I was so pleased. I rushed to a quiet spot in the bourse area
and pulled out my previous day’s purchase so I could compare
the two. I noticed that the patina didn’t look the same,
and you remember the dating was different. I could barely
wait to get home so that I could compare all three medals, one against the other. The drive home later that day seemed
to take much longer than usual.
When I got home I pulled out my original medal and
compared it against the two new ones. I noted that the two
I had bought at the coin show each had an edge stamp of
“K.Goetz,” yet my very first purchase from the bid board
did not. The two later medals also had the German spelling
of “MAI” for the month, while my first used the English
My bid board specimen was also much rougher and
cruder in appearance. Gradually I noticed, feature by feature,
many differences between the three medals. I was quite
happy that I had bought the two medals at the coin show.
I later determined that the first medal I had purchased
from the coin shop was a spurious counterfeit. Happily
though, the two I bought at the coin show were both genuine
Goetz medals worth much more than I paid for them, though
I didn’t know it at the time.
As the old saying goes, the die was cast. I was bitten by a
bug and had to learn all about the event depicted on my new
treasures. I wanted to know who the people were, and all
about the circumstances that lead to the sinking, and all about
dozens of other things relating to the medal and it’s maker.

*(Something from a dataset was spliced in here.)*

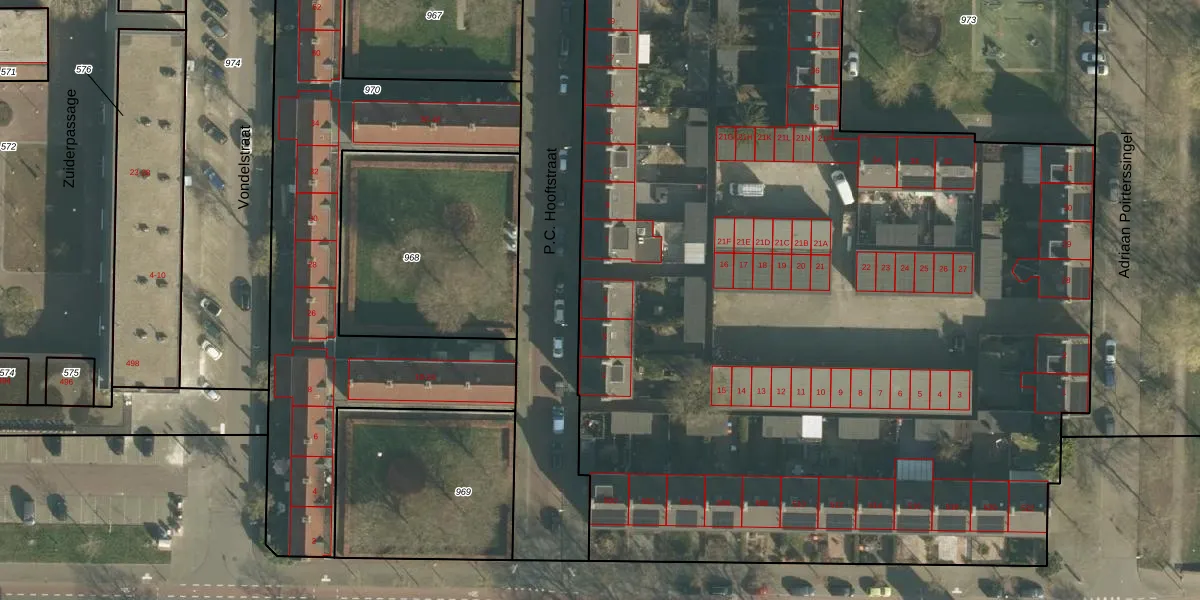 Het perceel waarop P.C. Hooftstraat 5 staat heeft een oppervlakte van 1,6 ha. Dit is een zeer groot perceel. De perceeloppervlakte wordt geregistreerd door het Kadaster. Gedetailleerde informatie over de maten van dit perceel kunt u vinden in het rapport Kadastrale kaart met maatvoering van P.C. Hooftstraat 5.
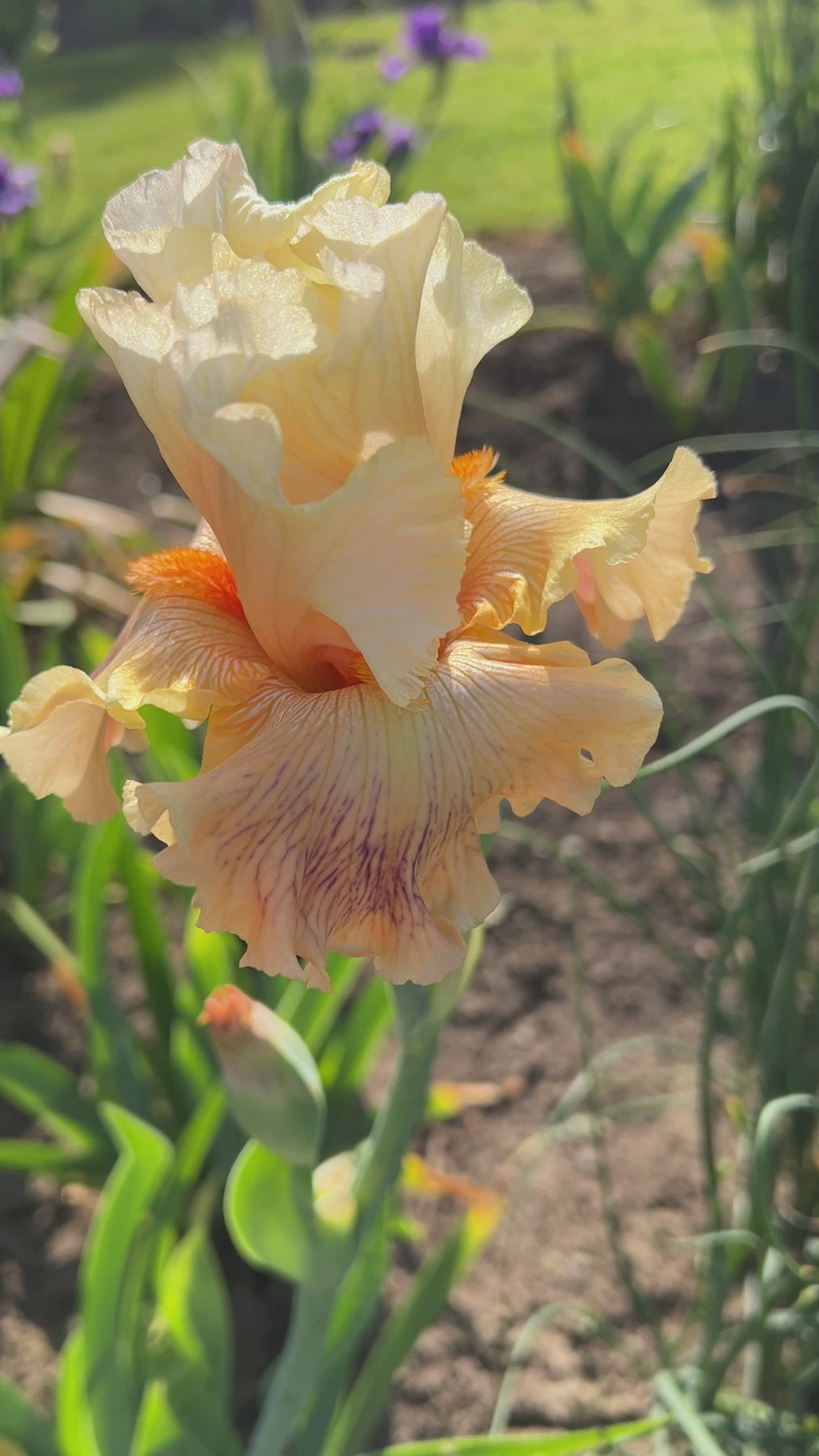 A unique buxom beauty with form! Note the very large blooms with wide, overlapping petals, displayed elegantly on strong, gently curved stems. Domed standards are white, coral at base and up the mid-rib, with a hint of yellow-apricot halo around the petal edge. The styles repeat the standard colorings. The very wide overlapping haft falls are golden apricot with a light violet line and speckles from the center of falls, deepening to the rim. Tangerine beards complete this striking origination.

I spent several years compiling records, corresponding with
various experts and other collectors, reading many dozens
of books, and gradually building up an understanding of the
piece and it’s place in history. Along the journey I became
somewhat of an expert on the many varieties and their makers,
and have had the pleasure to advise other collectors,
museum curators, and Internet adventurers about the various
fine points of these pieces.
My purpose in writing this book is to put down on paper
some of what I’ve uncovered, so that others can more easily
see the panorama of the medal varieties and the stories
behind the people associated with each of them.